Numa época em que todos estamos tão preocupados com défices, cumprimentos de metas económicas, redução de despesa pública e quando parece ser incontrolável e obrigatório aceitar que todos fiquemos mais pobres, é cada vez mais difícil falar – e ser ouvido! – sobre a pobreza, suas verdadeiras causas e possíveis soluções.
Vivemos um tempo que se caracteriza por uma inexorável demanda de emergência que nos cega, nos impele para as ações mais imediatas que, embora reconhecidamente de prementes necessidades, parece fazer-nos esquecer as verdadeiras causas da pobreza que já tínhamos e da que estamos a criar a cada dia que passa. Este estado de emergência é altamente perigoso. Este estado de emergência está a proporcionar e a patrocinar um retrocesso civilizacional ao mais primário e desregulamentado assistencialismo, que desvaloriza os mais básicos pressupostos científicos sobre a pobreza. E, os mais prejudicados, de novo, são os mais pobres. Regressa a ideia de que pobre é quem não tem o que comer. E é com base nestes falsos pretextos que as “políticas” estão a ser construídas. É aqui que se enquadra uma “preferência” pela emergência social, armadilha em que as próprias organizações sociais estão a cair. A emergência não pode dispensar a justiça nem a caridade substituir os direitos.
Não nos podemos distrair com a aparente “agenda da emergência” e esquecer que existe outra. Se é verdade que o deficit económico é muito importante, se calhar deveríamos estar tão ou mais preocupados com o deficit democrático.
A governação europeia, hoje uma governação quase estritamente económico-financeira, está assente nos objetivos da Estratégia Europa 2020. Em relação ao combate à pobreza, sabemos que tal acordo é parco de ambições e, acima de tudo, é parco de estratégia. Declarou-se o objetivo de reduzir a pobreza em 20 milhões de pessoas até 2020. Mas tal acordo não inclui métodos ou objetivos comuns e os Estados-Membros deverão, cada um por si, e de acordo com as suas próprias visões e prioridades, contribuir para atingir este objetivo. O seguimento de tais objetivos é feito pela sua inscrição em Planos Nacionais de Reforma anuais (revistos semestralmente).
Se sabemos que tais Planos Nacionais de Reforma estão quase exclusivamente concentrados nos objetivos económicos – atualmente focados na redução dos défices públicos – são no entanto os únicos instrumentos de projeção de intenções que existem e que podem ser monitorizados em termos do seu progresso na obtenção de resultados. Ou seja, no plano político, são os únicos instrumentos onde se podem inscrever e programar compromissos de combate à pobreza e onde a sociedade civil pode participar como ativo contribuinte para a solução dos problemas.

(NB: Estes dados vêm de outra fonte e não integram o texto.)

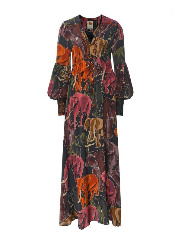 Enrich your dress collection with the charming Elephants Green Maxi Dress by Farm Rio. Made from viscose, this Farm Rio maxi dress is a whimsical style with a flattering, flowy silhouette. It has a deep V neckline, adjustable ties finished with beaded tassels, and long balloon sleeves with shirred cuffs, allowing versatility with sleeve length. Complete with ruffles and an all-over multi-coloured elephant print, this is a vibrant style for your seasonal wardrobe.
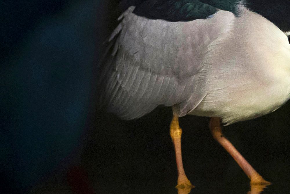 Quacksalber (Nycticorax nycticorax) beim nächtlichen Fischen mit dem zweiten Quacksalber vorne links.

Ora, o que é que é muito grave? É que os Estados-Membros que se encontram a cumprir memorandos de entendimento tripartidos (Banco Central Europeu, Comissão Europeia e FMI) foram “dispensados” de produzir tais documentos. As atuais linhas de orientação para a produção dos Planos Nacionais de Reforma 2012, que deverão ser entregues à Comissão Europeia até meados de Abril, afirmam explicitamente esta decisão. O que é que isto quer dizer? Que Portugal se encontra afastado das principais decisões europeias! E os cidadãos portugueses impedidos de participar nesse processo e de fazer ouvir a sua voz. Isto é totalmente inaceitável. E é incompreensível como é que tal decisão seja totalmente desconhecida por parte dos cidadãos.
Pela gravidade de tudo isto e pelo de que impeditivo constitui para a possibilidade de os portugueses participarem nas decisões que lhes dizem respeito e afirmarem quais as suas propostas para combater um fenómeno que atualmente atinge quase dois milhões e meio de portugueses, exorto o Governo Português, e em particular o Senhor Primeiro-Ministro como seu líder, a não se deixar marginalizar pela governação económica europeia. Portugal deve produzir um Plano Nacional de Reforma e comprometer-se nesse plano com objetivos e ações claras nos domínios da inclusão social e do combate à pobreza. E a sua elaboração não deverá ser feita à revelia da sociedade civil que, como nos restantes Estados-Membros deverá ser um parceiro obrigatório.
Para além do apoio de urgência aos mais necessitados, apelo a que todos devemos responder com toda a nossa energia e capacidade criativa e de inovação social, creio que esta é que é a emergência social que nos deve preocupar e mobilizar. Sem um enquadramento político ao mais alto nível, ficaremos, de facto, condenados a assistir, sem que nada possamos fazer de verdadeiramente estrutural para construir uma mudança.